Among them, TP refers to true positives, which are positive samples correctly predicted as positive by the model. FP refers to false positives, which are negative samples incorrectly predicted as positive by the model. FN refers to false negatives, which are positive samples incorrectly predicted as negative by the model [23]. P(r) represents the smoothed precision-recall curve, and AP (Average Precision) is the area under the P(r) curve obtained through integration. N represents the number of defect categories, which in this study corresponds to the six PCB defect categories.

4.3. Implementation details

In this work, our improved algorithm is based on the RT-DETR-R18 model and was further refined for experiments conducted on the printed circuit board (PCB) defect dataset. The hyperparameters used for the model in this experiment are shown in Table 1.

It is important to note that we did not use Mosaic or MixUp data augmentation during training. Although enabling these augmentation techniques might improve accuracy, the augmented images differ from real-world data, and we focused solely on improving the model itself to enhance accuracy. All experiments in this study were conducted on an Ubuntu 20.04 operating system. The selected environment included Python 3.8, PyTorch 2.0.0, and CUDA 11.8. The hardware used consisted of an NVIDIA RTX 3090 GPU with 24 GB of VRAM, a 10-core CPU, and 30 GB of system memory.

4.4. Ablation experiment

To validate the effectiveness of each enhancement component in SCP-DETR, we conducted independent ablation experiments on the dataset.
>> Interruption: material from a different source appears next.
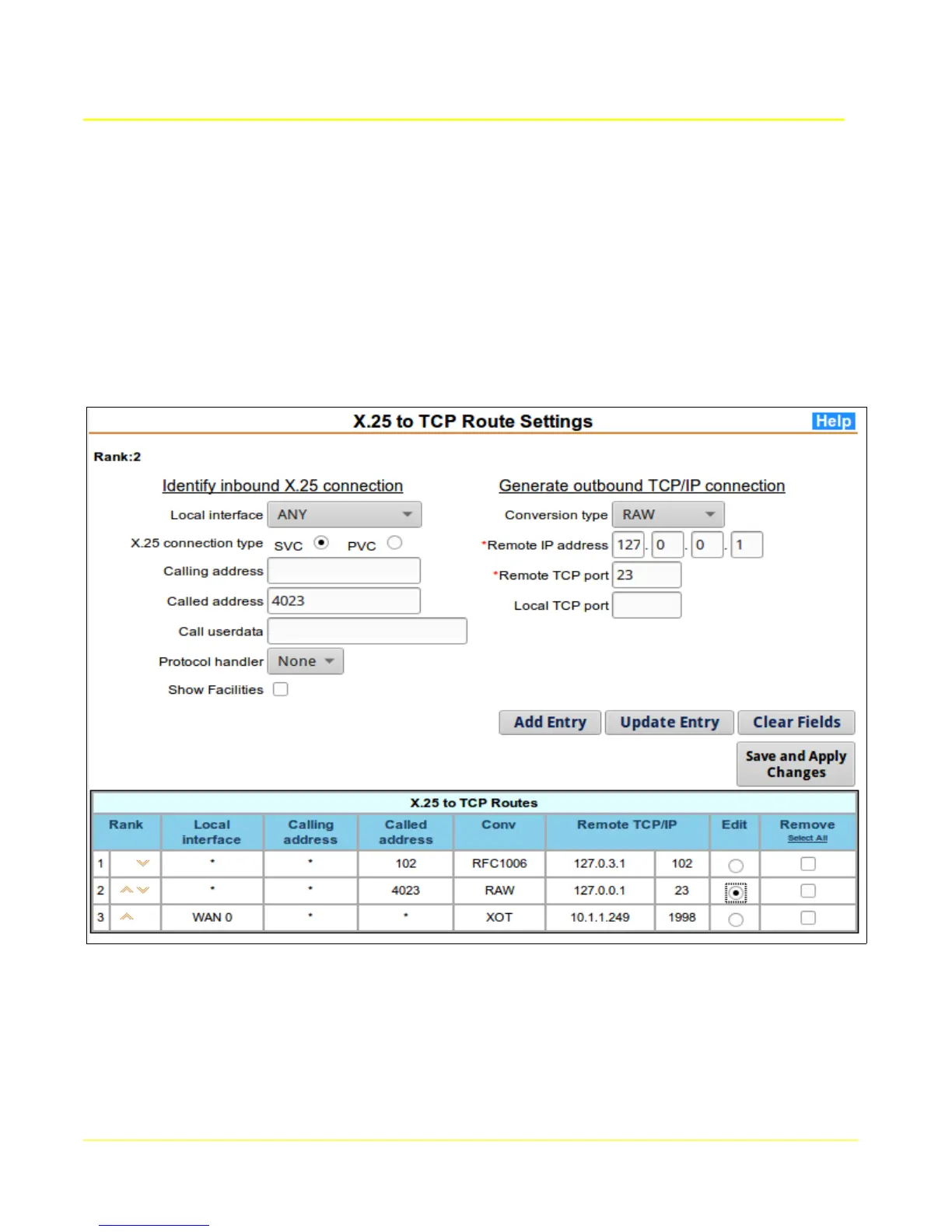 X.25 call request. When a match is found, the outbound TCP connection parameters of the matched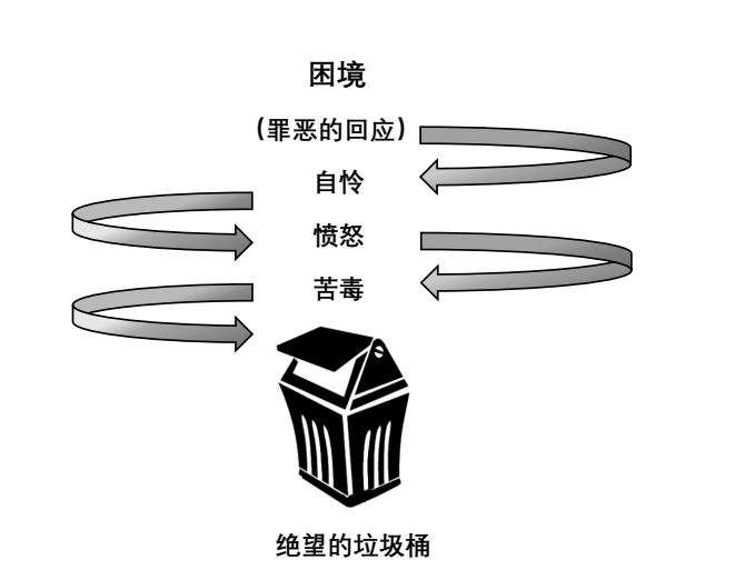 以下的图表为我们描述了这种抑郁的发展过程。每个图表描述了这种抑郁如何因对困境有不符合圣经的回应方式而不断恶化:

The experimental results are shown in Table 2. The components are as follows: SPDConv, a spatial-to-depth convolution designed to reduce the parameters introduced by the addition of the S2 feature layer while retaining fine-grained information; CO-Fusion, a fusion module designed to effectively learn feature representations from global to local through different branches; and PSConv, a pinwheel-shaped convolution that replaces the original down-sampling operation. The baseline network used is RT-DETR-r18.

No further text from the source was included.